Thieves use Paris catacombs to steal fine wine – report

Thieves who stole more than 250,000 euros worth of fine wine from a Paris apartment cellar exploited the French capital’s vast underground tunnel network, according to French media reports.

Thieves knocked through a wall of the Paris catacombs to break into the luxury apartment’s cellar and steal an estimated 250,000 euros-worth of vintage wines, French media has reported police as saying.

There are an estimated six million people buried in the Paris catacombs, part of a vast underground tunnel network stretching for several miles underneath the French capital.

French media said that the thieves stole around 300 bottles of fine wine from the cellar of an apartment in the plush sixth arrondissement of Paris, near to the Le Jardin du Luxembourg. No specific wines were named.

A map showing the sixth arrondissement of Paris.

A map showing the sixth arrondissement of Paris. Image credit: Google Maps.

Paris police said that they were investigating how the theft took place.

Police speculated that such precision in the catacombs network would require significant research and planning by the culprits.
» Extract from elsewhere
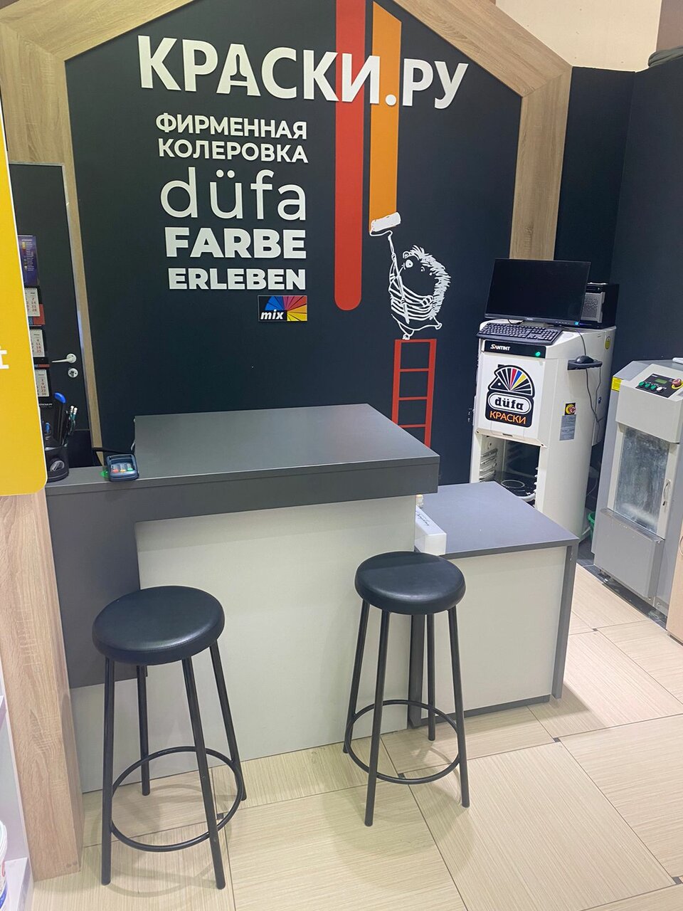 Помогли подобрать цвет колеровки, дали неплохую скидку, помогли донести часть краски до такси. Само качество краски Dulux Diamond, конечно, не их заслуга, но колеровка получилась именно такая, как хотел.

Earlier this summer, two teenagers were lost in the Paris catacombs for three days.

Only two kilometres of the network is open to the public. The gates are locked at night, yet groups are known to find ways into the tunnels to hold illicit parties.

Parisians began burying their dead underground in the 18th Century in response to overflowing graveyards.

Some of the estimated six million dead met their end at the guillotine during the French Revolution and subsequent Terror period at the end of 18th Century.